Calculation stopped but job not finished

GROMACS version: 2023.2
GROMACS modification: No

Hi,

I had launched 12 independent NPT runs for 1 us, and I noticed that all the runs got stucked at 502.5 ns without any error.

Because there were no error, the calculation jobs itsels did not finished, lead to quite a waste of time and money…

Has anyone experienced the same problem

Thanks in advance
Kotaro Tanaka

It is very difficult to say anything specific without more information. Did you run the 12 simulations at the same time, e.g., with the -multidir option? Otherwise it would be improbable that all simulations stopped at exactly the same time.
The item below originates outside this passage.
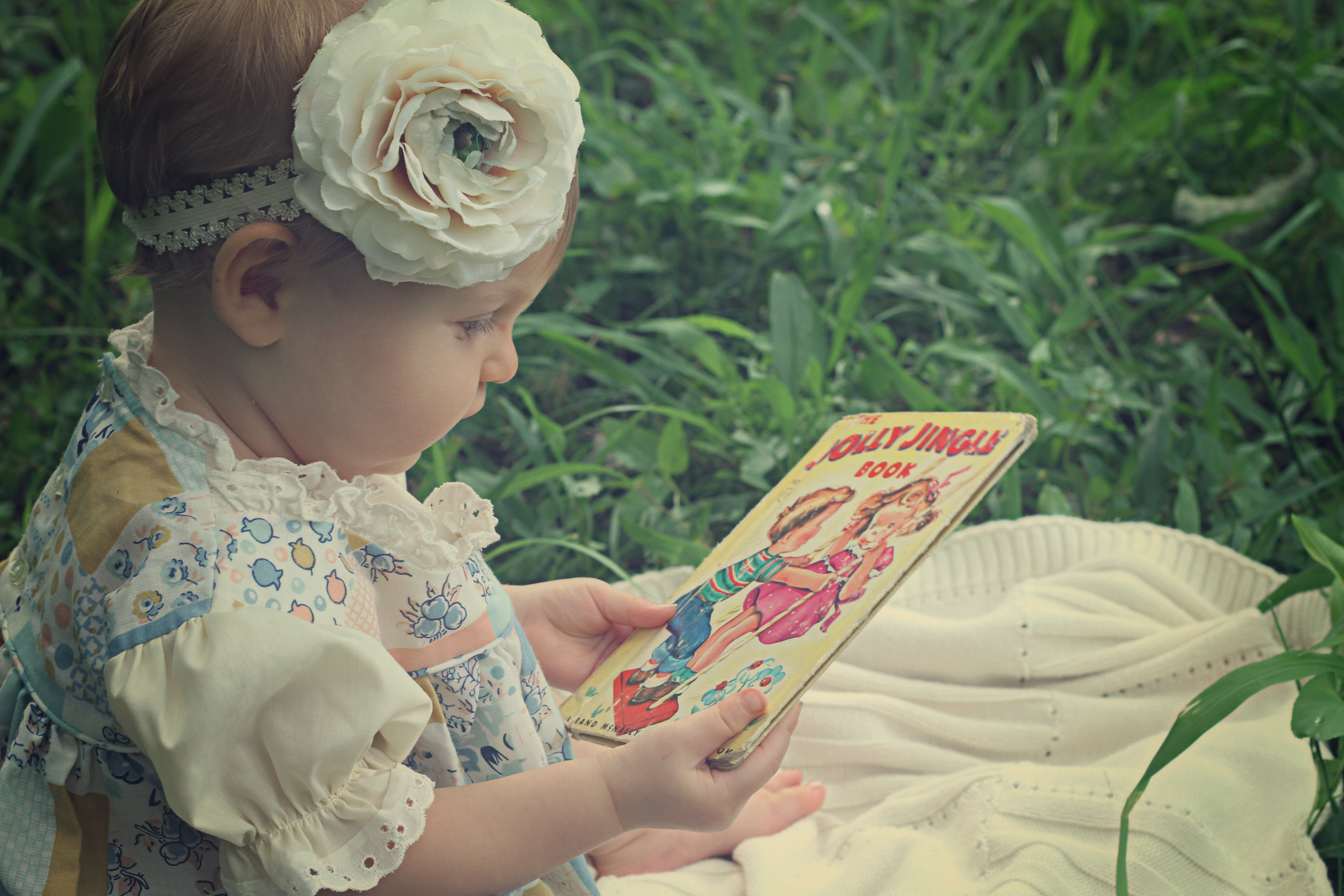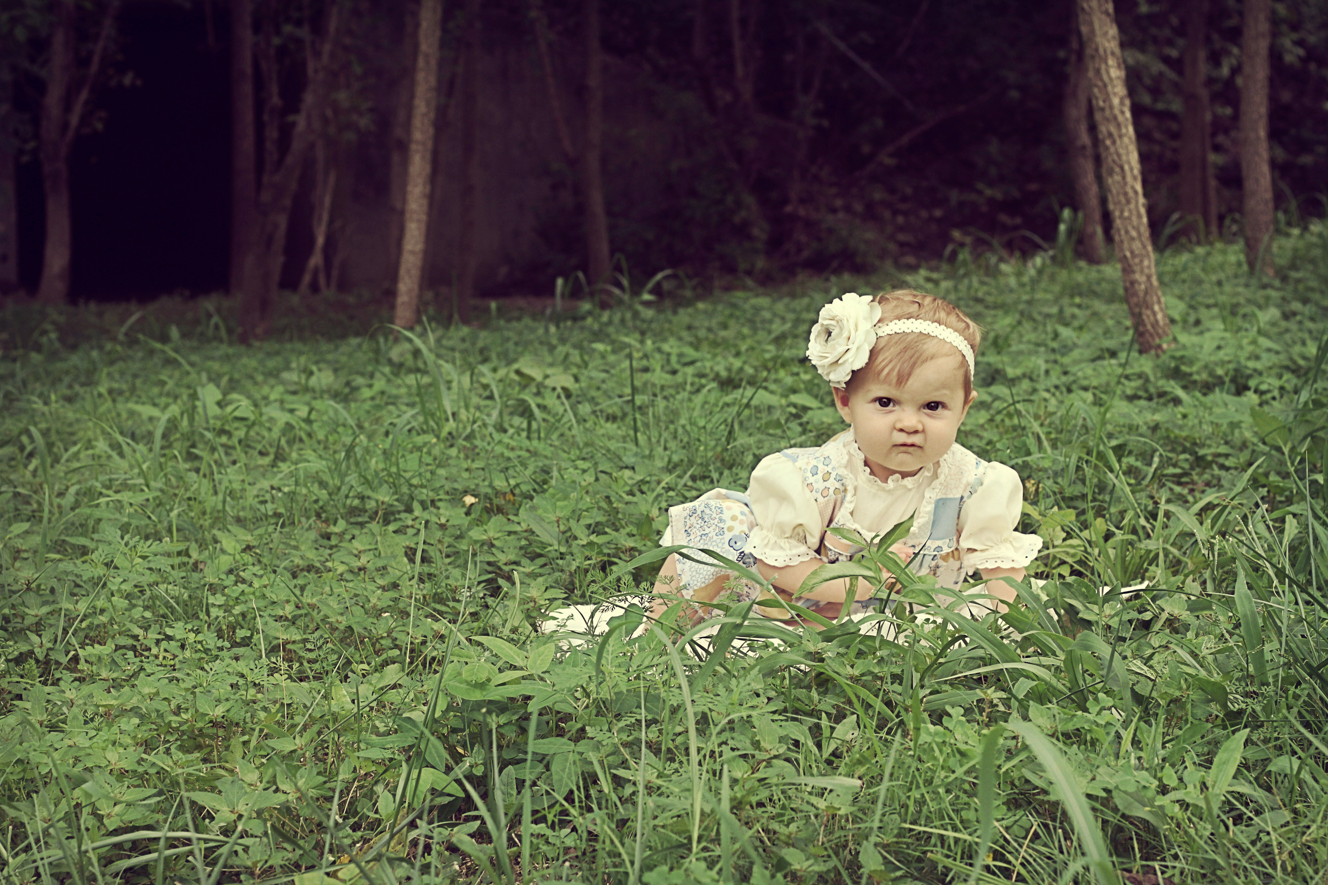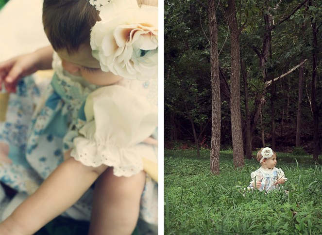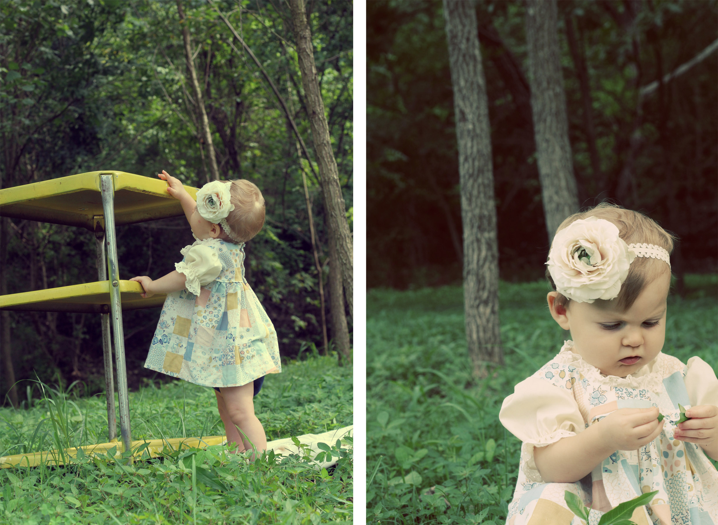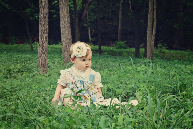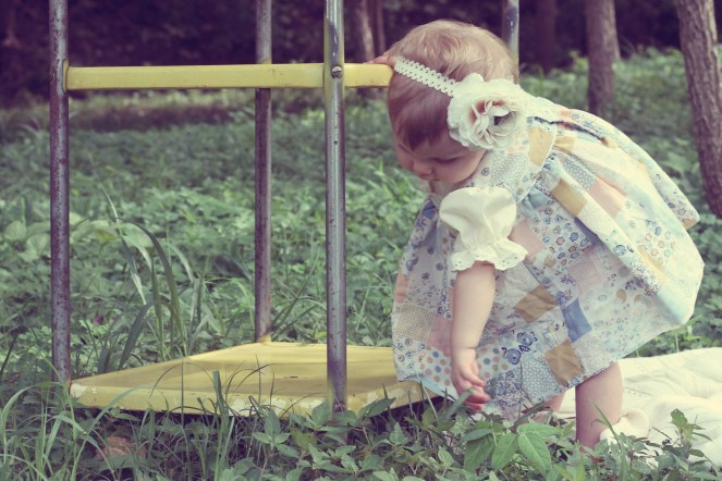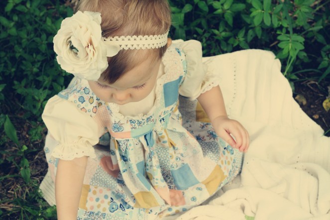 Estella next to me, in a hand stitched dress, holding her baby doll.

Did you get any output to the terminal explaining why they stopped? Have you checked the end of the log files? Did you run out of disk space? Were they run on your own local computer or on a remote machine with a queueing system?

Thank you for your reply

Did you run the 12 simulations at the same time, e.g., with the -multidir option?

Almost at the same time. Not with the -multidir option. I ran the 12 jobs independently with a shell script.

Did you get any output to the terminal explaining why they stopped?

No.

Have you checked the end of the log files?

Yes, but no error/warning or related message

Did you run out of disk space?

No.

Were they run on your own local computer or on a remote machine with a queueing system?

A remote machine with a queueing system (Fujitsu TCS)

step7_production.mdp (1.07 KB)

Since the jobs ran for 500 ns I don’t think the mdp parameters are the cause. With the available information I can’t say for sure whether the problem was caused by GROMACS or some temporary problems with the hardware/software stack of the server. But we’re of course interested if others have experienced the same thing. It’s not impossible that it is related to PBC wrapping hangs after a system explodes (#4766) · Issues · GROMACS / GROMACS · GitLab, but as I said above, if they had already run for 500 ns I don’t think that’s the problem.

Thank you for the comments.

I’ll just continue the calculations from where they stopped for now.

Thanks